Toney J H, Hammond G G, Fitzgerald P M, Sharma N, Balkovec J M, Rouen G P, Olson S H, Hammond M L, Greenlee M L, Gao Y D
Department of Biochemistry, Merck Research Laboratories, Rahway, New Jersey 07065-0900, USA.
J Biol Chem. 2001 Aug 24;276(34):31913-8. doi: 10.1074/jbc.M104742200. Epub 2001 Jun 4.
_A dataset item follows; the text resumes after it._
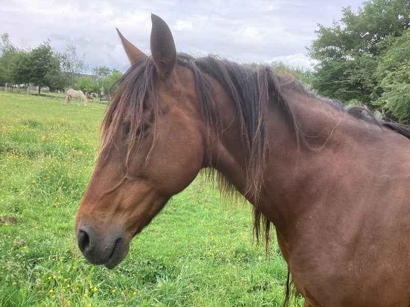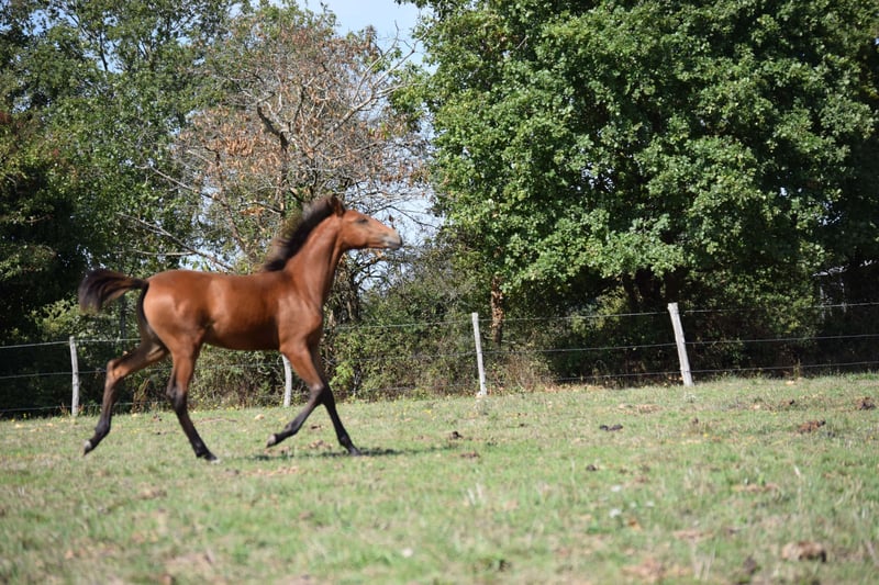 Palma du moulin cassé Par salsa des Noues Et Pablo du chalet Palma du moulin cassé Très gentille pouliche disponible à la réservation pour le sevrage. Palma est née début mai dans notre petit élevage familial. Elle est de robe baie claire très fine et très brillante. Elle est manipulé régulièrement , elle adore les câlins, c’est un véritable pot de colle. Elle vit au pré avec sa mère et d’autres chevaux et poulains. Lors de la vente, elle saura marcher au licol, tenir à l’attache, donner ses pieds et voyager en van. Elle a déjà commencé ce travail. Palma est une pouliche très joueuse et très chic qui recherche l’homme. Elle fera le bonheur d’une personne désireuse de nouer une grande complicité. Elle nous montre de très bonnes aptitudes pour du dressage en liberté. Elle est vraiment très attachante. Possibilité de voir sur place son propre frère de 2 ans, sa mère et son père. Elle mesurera environ 1,58m Les parents ne sont pas approuvés, elle est donc de race Lusitanienne Origine Constatée Possibilité de rester en pension pâture Photos 7,8&9 : le père, Pablo du Chalet Photo 10 & 11: la mère Salsa des Noues Pouliche a voir absolument ! Autres renseignements par téléphone

IMP-1 metallo-beta-lactamase (class B) is a plasmid-borne zinc metalloenzyme that efficiently hydrolyzes beta-lactam antibiotics, including carbapenems, rendering them ineffective. Because IMP-1 has been found in several clinically important carbapenem-resistant pathogens, there is a need for inhibitors of this enzyme that could protect broad spectrum antibiotics such as imipenem from hydrolysis and thus extend their utility. We have identified a series of 2,3-(S,S)-disubstituted succinic acids that are potent inhibitors of IMP-1. Determination of high resolution crystal structures and molecular modeling of succinic acid inhibitor complexes with IMP-1 has allowed an understanding of the potency, stereochemistry, and structure-activity relationships of these inhibitors.
IMP-1金属β-内酰胺酶(B类)是一种由质粒携带的锌金属酶,它能有效水解包括碳青霉烯类在内的β-内酰胺抗生素,使其失效。由于在几种临床上重要的耐碳青霉烯病原体中都发现了IMP-1,因此需要这种酶的抑制剂,以保护亚胺培南等广谱抗生素不被水解,从而扩大其应用范围。我们已经鉴定出一系列2,3-(S,S)-二取代琥珀酸,它们是IMP-1的强效抑制剂。通过测定琥珀酸抑制剂与IMP-1复合物的高分辨率晶体结构和分子建模,得以了解这些抑制剂的效力、立体化学和构效关系。